▶ What is being asked:
Print exactly the lines from the one containing "CKC registered standard" through the last line of the entries below; the pictures stay out of the copy.

▶ Provided records:
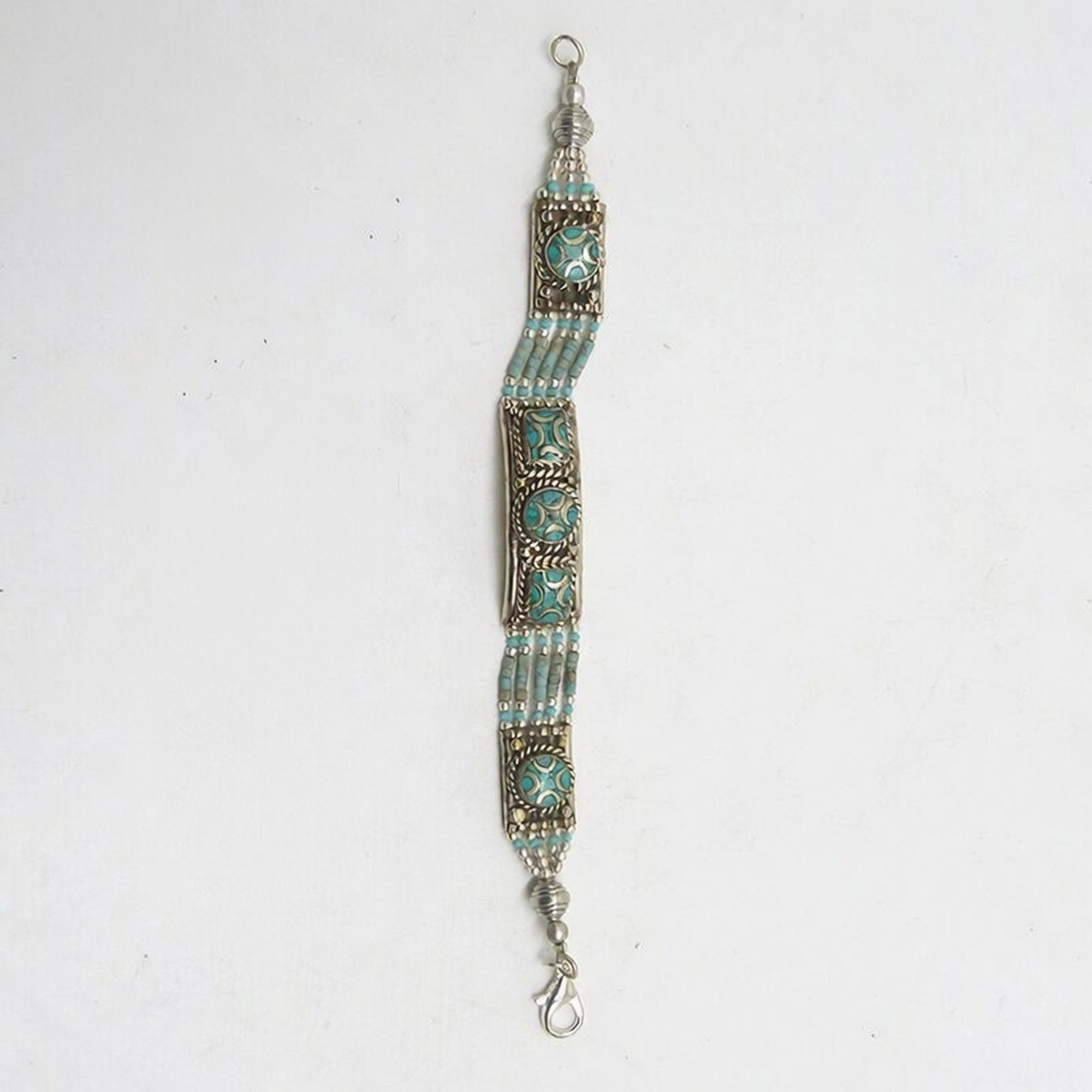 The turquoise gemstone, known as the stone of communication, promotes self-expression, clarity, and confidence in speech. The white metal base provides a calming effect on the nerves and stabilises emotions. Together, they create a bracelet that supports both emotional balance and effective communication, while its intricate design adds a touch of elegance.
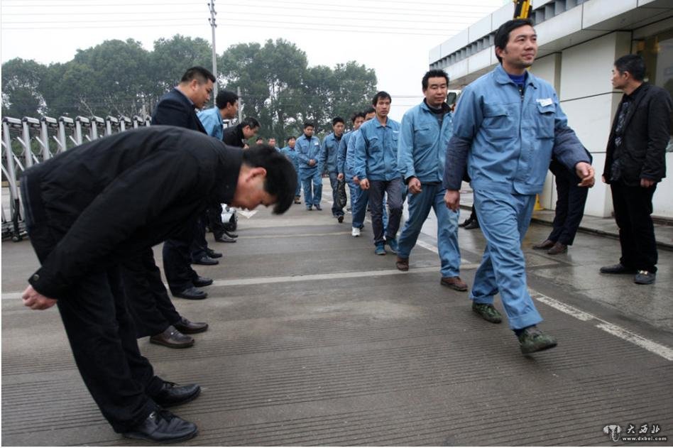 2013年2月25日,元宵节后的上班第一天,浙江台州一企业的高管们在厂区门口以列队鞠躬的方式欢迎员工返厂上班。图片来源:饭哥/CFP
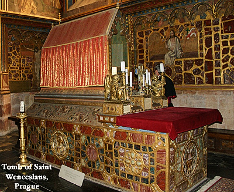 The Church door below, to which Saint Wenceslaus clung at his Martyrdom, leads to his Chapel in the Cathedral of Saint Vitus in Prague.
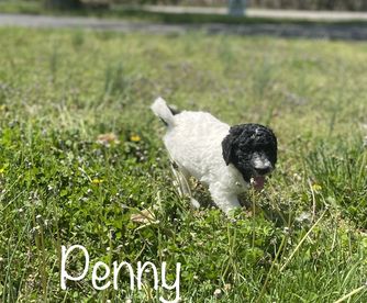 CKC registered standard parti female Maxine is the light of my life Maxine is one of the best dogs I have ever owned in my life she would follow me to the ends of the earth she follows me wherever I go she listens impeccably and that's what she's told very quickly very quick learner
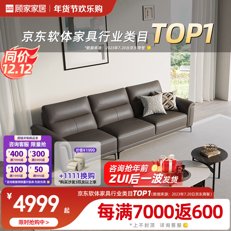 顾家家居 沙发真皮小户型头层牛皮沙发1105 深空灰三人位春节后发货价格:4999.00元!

▶ Solution below:
 CKC registered standard parti female Maxine is the light of my life Maxine is one of the best dogs I have ever owned in my life she would follow me to the ends of the earth she follows me wherever I go she listens impeccably and that's what she's told very quickly very quick learner
 顾家家居 沙发真皮小户型头层牛皮沙发1105 深空灰三人位春节后发货价格:4999.00元!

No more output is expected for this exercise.